▶ [EXERCISE GOAL] An unchanged copy of all the lines below is expected, and it should contain no pictures.

▶ [Data excerpts]
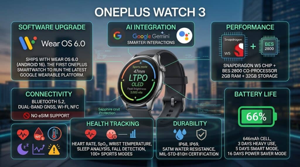 • Software Upgrade: First OnePlus watch to run Wear OS 6.0 (Android 16), layered with OxygenOS Watch 8.
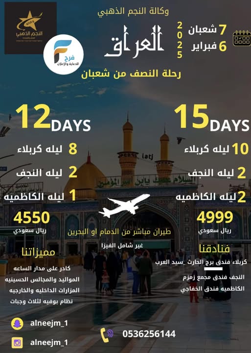4550 ريال تبدأ رحلات وكالة النجم الذهبي للسفر والسياحة النصف من شعبان / العراق 16 يناير، 2025 1 للحجز والاستفسار : 0536256144 الإنستقرام : www.instagram.com سناب شات : www.snapchat.com أشترك معنا في خدمة فرح : Enter the text or HTML code here شارك هذا الموضوع: النقر للمشاركة على X (فتح في نافذة جديدة) X انقر للمشاركة على فيسبوك (فتح في نافذة جديدة) فيس بوك 2888 ريال تبدأ رحلات قافلة الأمير في إجازة الربيع / العراقالتاريخ25 ديسمبر، 2018في ما يتعلق بما يأتيالعراقرحلة إضافية مكتب صاحب الحوت زيارة عرفة والغدير / العراقالتاريخ13 يونيو، 2022في ما يتعلق بما يأتيالعراق250 ريال تبدأ قيمة استخراج الفيزا العراقية الكرار / العراقالتاريخ27 يوليو، 2025في ما يتعلق بما يأتيالعراق
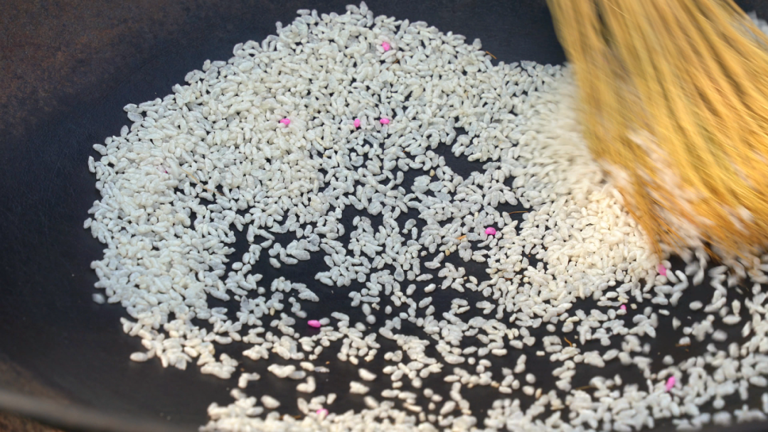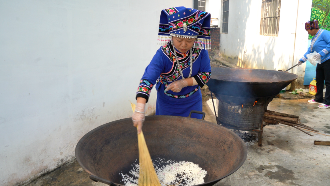 活动现场,妇女们分工协作,精选的糯米先上锅蒸煮至软糯,随后摊开晾晒脱水,再送入机器压制成薄而均匀的扁米。铁锅烧热注油,舀入一两勺扁米,手持稻草扎成的特制工具快速翻炒,伴随着“滋滋”的声响,扁米在热力作用下迅速膨胀,变身成金黄酥脆的米花,这时一股浓郁的米香扑鼻而来。
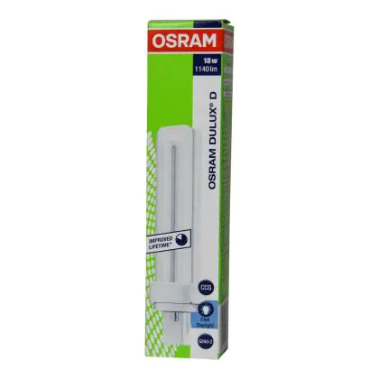 Die Osram Dulux D 18W - 865 Tageslichtweiß | 2-Pins ist eine Kompaktleuchtstofflampe von Osram. Das Produkt mit 2 Pins strahlt Licht in der Farbtemperatur 6500K - Tageslichtweiß aus und punktet durch eine lange Lebensdauer.
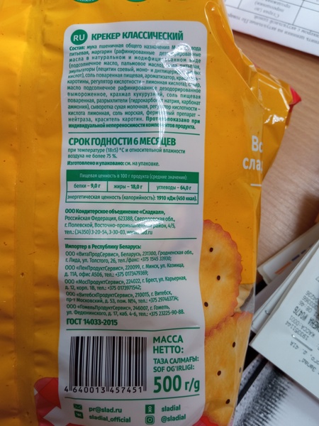 По результатам проведённых испытаний отобранной пищевой продукции в магазине «Fix-price», выявлена небезопасная продукция, не соответствующая требованиям ТР ТС 029/2012 «Требования безопасности пищевых добавок, ароматизаторов и технологических вспомогательных средств» ст. 9 п.1 – информация о составе продукции не содержит сведений о наличии пищевой добавки сернистая кислота и сорбиновая кислота и её соли сорбаты, или наименования функционального класса пищевой добавки, или индекс пищевой добавки, прил. 8 – по содержанию сернистой кислоты: крекер классический в полимерной упаковке, масса нетто 0,5 кг, код ТН ВЭД ЕАЭС 1905 90 450 0, штриховой код 4640013457451, дата изготовления 24.09.2021, срок годности 6 месяцев, изготовитель ООО Кондитерское объединение «Сладиал», Российская Федерация, 623388, Свердловская область, г. Полевской, Восточно-промышленный район, 4/5.

▶ [OUTPUT]
 • Software Upgrade: First OnePlus watch to run Wear OS 6.0 (Android 16), layered with OxygenOS Watch 8.
4550 ريال تبدأ رحلات وكالة النجم الذهبي للسفر والسياحة النصف من شعبان / العراق 16 يناير، 2025 1 للحجز والاستفسار : 0536256144 الإنستقرام : www.instagram.com سناب شات : www.snapchat.com أشترك معنا في خدمة فرح : Enter the text or HTML code here شارك هذا الموضوع: النقر للمشاركة على X (فتح في نافذة جديدة) X انقر للمشاركة على فيسبوك (فتح في نافذة جديدة) فيس بوك 2888 ريال تبدأ رحلات قافلة الأمير في إجازة الربيع / العراقالتاريخ25 ديسمبر، 2018في ما يتعلق بما يأتيالعراقرحلة إضافية مكتب صاحب الحوت زيارة عرفة والغدير / العراقالتاريخ13 يونيو، 2022في ما يتعلق بما يأتيالعراق250 ريال تبدأ قيمة استخراج الفيزا العراقية الكرار / العراقالتاريخ27 يوليو، 2025في ما يتعلق بما يأتيالعراق
 活动现场,妇女们分工协作,精选的糯米先上锅蒸煮至软糯,随后摊开晾晒脱水,再送入机器压制成薄而均匀的扁米。铁锅烧热注油,舀入一两勺扁米,手持稻草扎成的特制工具快速翻炒,伴随着“滋滋”的声响,扁米在热力作用下迅速膨胀,变身成金黄酥脆的米花,这时一股浓郁的米香扑鼻而来。
 Die Osram Dulux D 18W - 865 Tageslichtweiß | 2-Pins ist eine Kompaktleuchtstofflampe von Osram. Das Produkt mit 2 Pins strahlt Licht in der Farbtemperatur 6500K - Tageslichtweiß aus und punktet durch eine lange Lebensdauer.
 По результатам проведённых испытаний отобранной пищевой продукции в магазине «Fix-price», выявлена небезопасная продукция, не соответствующая требованиям ТР ТС 029/2012 «Требования безопасности пищевых добавок, ароматизаторов и технологических вспомогательных средств» ст. 9 п.1 – информация о составе продукции не содержит сведений о наличии пищевой добавки сернистая кислота и сорбиновая кислота и её соли сорбаты, или наименования функционального класса пищевой добавки, или индекс пищевой добавки, прил. 8 – по содержанию сернистой кислоты: крекер классический в полимерной упаковке, масса нетто 0,5 кг, код ТН ВЭД ЕАЭС 1905 90 450 0, штриховой код 4640013457451, дата изготовления 24.09.2021, срок годности 6 месяцев, изготовитель ООО Кондитерское объединение «Сладиал», Российская Федерация, 623388, Свердловская область, г. Полевской, Восточно-промышленный район, 4/5.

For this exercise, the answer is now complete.